→ **YOUR OBJECTIVE**
Please, starting at the line that contains "മണിപ്പൂര് കലാപം: മീഡിയാ", reproduce every line exactly until the records run out, skipping all pictures.

PROVIDED INFORMATION section start

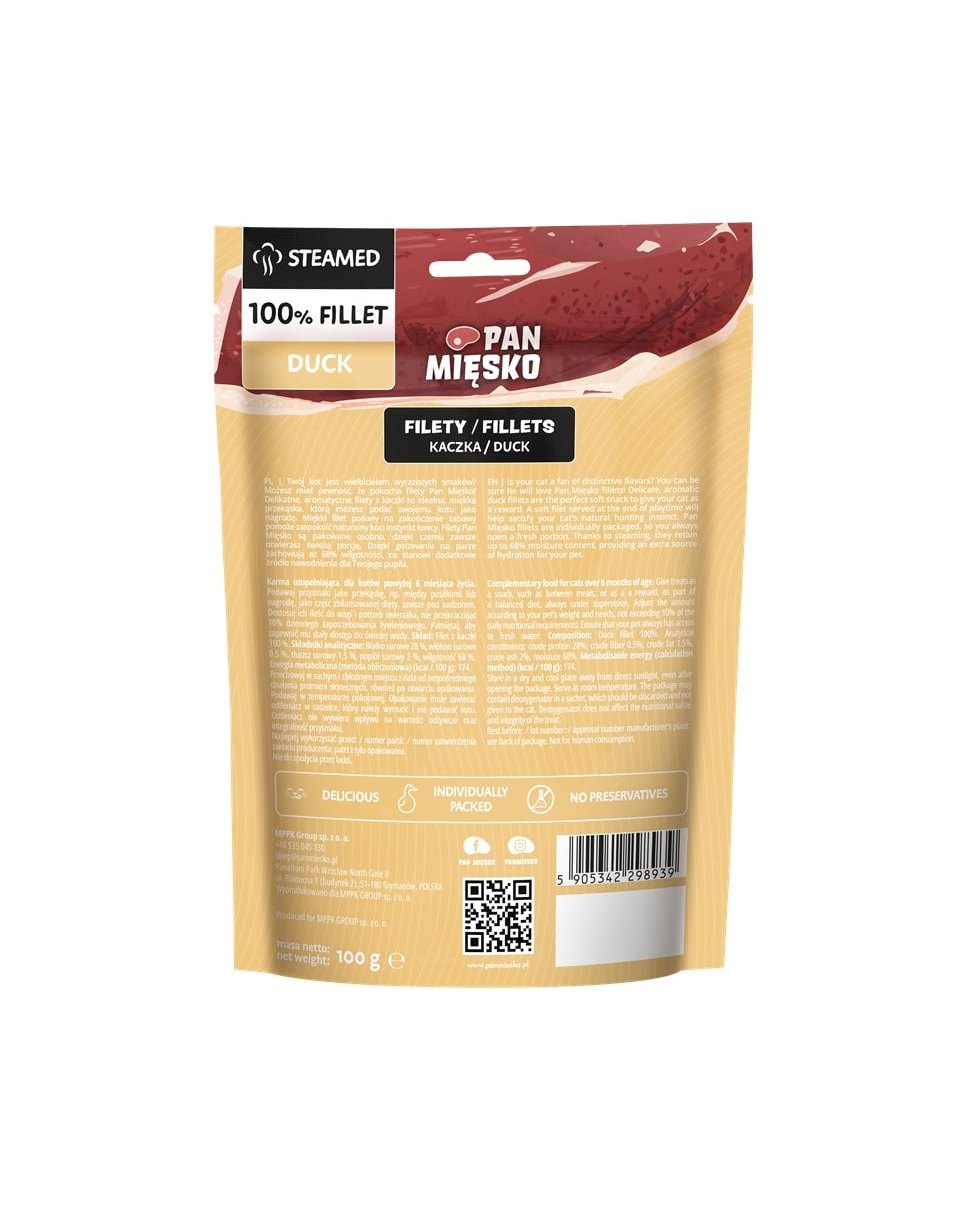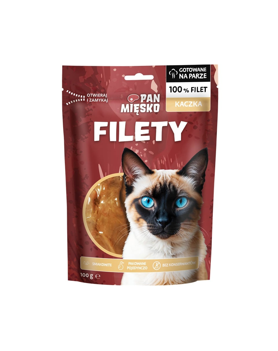 A macskád szereti az intenzív ízeket? Biztos lehetsz benne, hogy imádni fogja a Pan Mięsko filéket! A lágy, aromás kacsafilék ideális, puha falatok, amelyeket jutalomként adhatsz a macskádnak. A játék végén kínált puha filé segít kielégíteni a macskák természetes vadászösztönét. A Pan Mięsko filék egyesével csomagolva vannak, így mindig friss adagot nyithatsz. A párolásnak köszönhetően 68%-os nedvességtartalmat megőriznek, ami további hidratálási forrást jelent kedvenced számára.
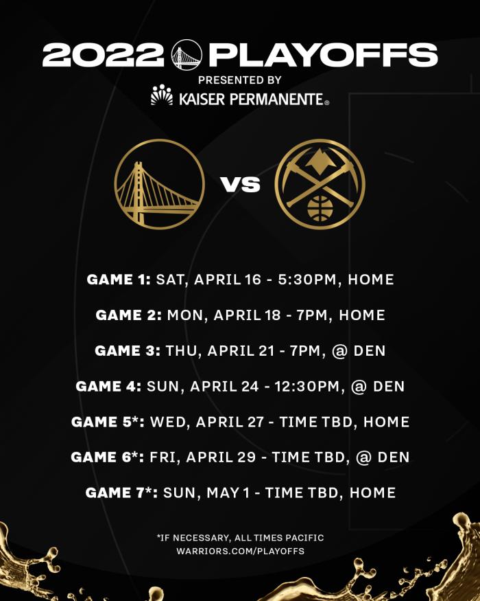 来源:JRS直播04-14 15:14JRS直播04月14日讯 ,勇士官方也发布了和掘金季后赛首轮的具体赛程——G1是当地时间4月16日下午5点30分,G2是4月18日下午7点,G1和G2都是勇士主场;G3和G4都在掘金主场,时间分别是4月21日下午7点和4月24日下午12点30分;若有必要的话,G5是4月27日回到勇士主场,G6是在4月29日掘金主场,G7是5月1日勇士主场。
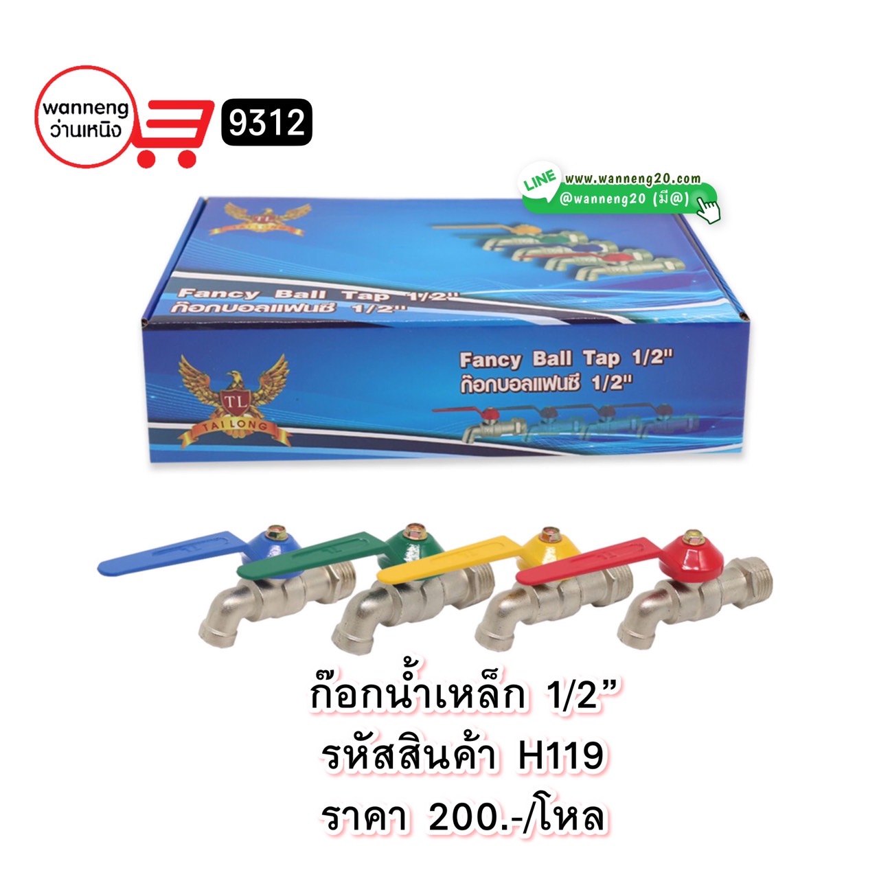 H119 ก๊อกน้ำเหล็ก 1/2" 9312 1 โหล
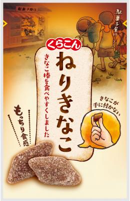 昔懐かしい、「きなこ棒(きなこを水飴と練り合わせ、表面にきなこをまぶした駄菓子)」を指でつまんでもきなこが手に付きにくいようにし、きなこを中にしっかりと練り込みました。この商品は現代の忙しい人たちでも手軽に場所を選ばずに「きなこ棒」を楽しんで頂けるように一口サイズにし、さらに食感も何度も食べたくなるように硬すぎず、柔らかすぎず丁度良い、しかも一般的な「きなこ棒」よりも「もっちり」とした食感に仕上げました。また、近年ではお菓子においても健康志向がみられ、この「ねりきなこ」は発売以来そのような方を中心にご好評頂いております。
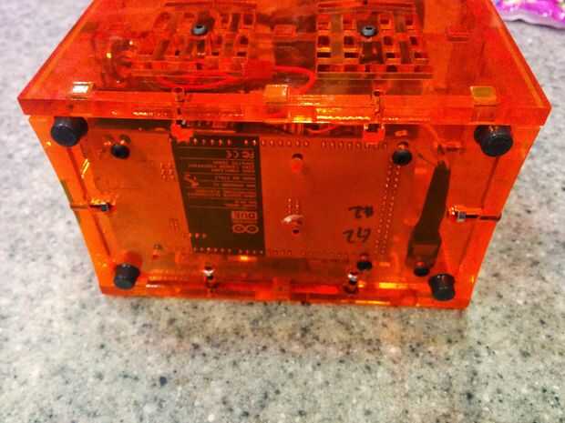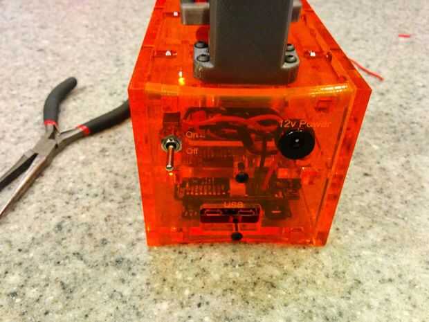 Puede también asegurarse de que el poder interruptor funciona insertando el 2Amp 12v adaptador de CA (BOM #33) 5.5 en el puerto de alimentación hembra. (BOM #23). Si usted optó por escoger 4 x patas de goma (que es opcional pero ayuda con nivelación) adelante y colocarlos en las 4 esquinas en la parte inferior del resplandor. (BOM #34)
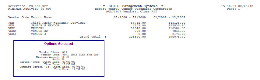 The run-time options selected for each report will print on the last page of the report output. The options selected for this report are being displayed in the Options Selected box for illustrative purposes only.
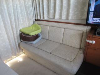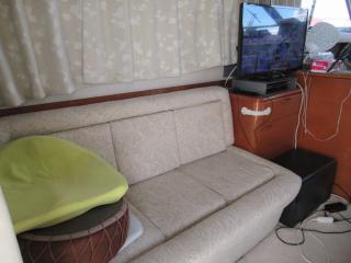 まず入口を入るとまずメインキャビンになります。右舷側にはテーブルと大きなソファーがあります。また、左舷側にもソファーがあります。写真のようにメインキャビンの前方にはTVが装備されています。右舷側がLSの操船席になります。階段を降りると、左舷側にはギャレーがあります。ギャレーには冷蔵庫、シンク、電子レンジや電気コンロなどが装備されています。
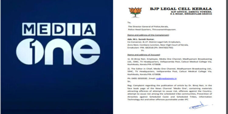 മണിപ്പൂര് കലാപം: മീഡിയാ വണ് സാമുദായിക സൗഹാർദ്ദം തകര്ക്കാന് ശ്രമിച്ചെന്ന് ബിജെപി; സംസ്ഥാന പോലീസ് മേധാവിക്ക് പരാതി ന്ല്കി
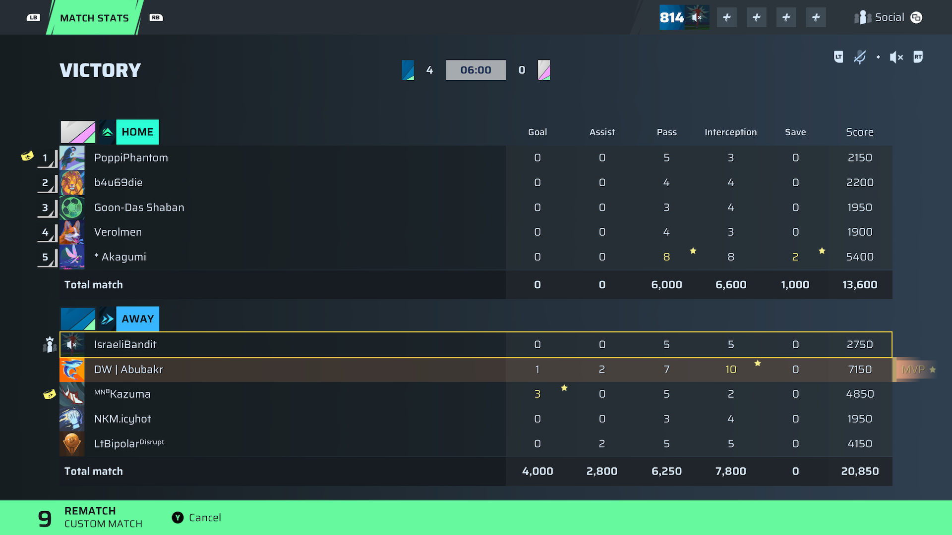 DW | Abubakr CAM⭐ MVP84 OVR | 1 | 2 | 7 | 10 | 0 | 7,150 | — |
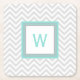 Prácticos de costa elegantes del papel de tablero de la pulpa hechos en un modelo blanco y gris claro del galón. La casilla blanca de la aguamarina, gris y, en el medio del práctico de costa, tiene aguamarina un monograma de la letra listo para personalizar. Grande para en cualquier momento utilice y hace una idea del bonito regalo.
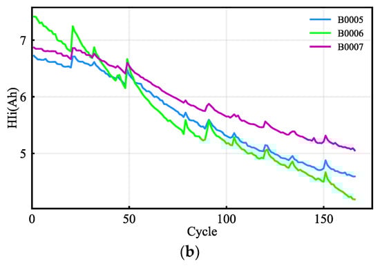 where i(t) represents the corresponding charge current, and t0 and t1 denote the charge start and end moments, respectively. The HIi curves for different cells from the NASA repository are shown in Figure 4b.

PROVIDED INFORMATION section end

→ **RESULT OF THE EXERCISE**
 മണിപ്പൂര് കലാപം: മീഡിയാ വണ് സാമുദായിക സൗഹാർദ്ദം തകര്ക്കാന് ശ്രമിച്ചെന്ന് ബിജെപി; സംസ്ഥാന പോലീസ് മേധാവിക്ക് പരാതി ന്ല്കി
 DW | Abubakr CAM⭐ MVP84 OVR | 1 | 2 | 7 | 10 | 0 | 7,150 | — |
 Prácticos de costa elegantes del papel de tablero de la pulpa hechos en un modelo blanco y gris claro del galón. La casilla blanca de la aguamarina, gris y, en el medio del práctico de costa, tiene aguamarina un monograma de la letra listo para personalizar. Grande para en cualquier momento utilice y hace una idea del bonito regalo.
 where i(t) represents the corresponding charge current, and t0 and t1 denote the charge start and end moments, respectively. The HIi curves for different cells from the NASA repository are shown in Figure 4b.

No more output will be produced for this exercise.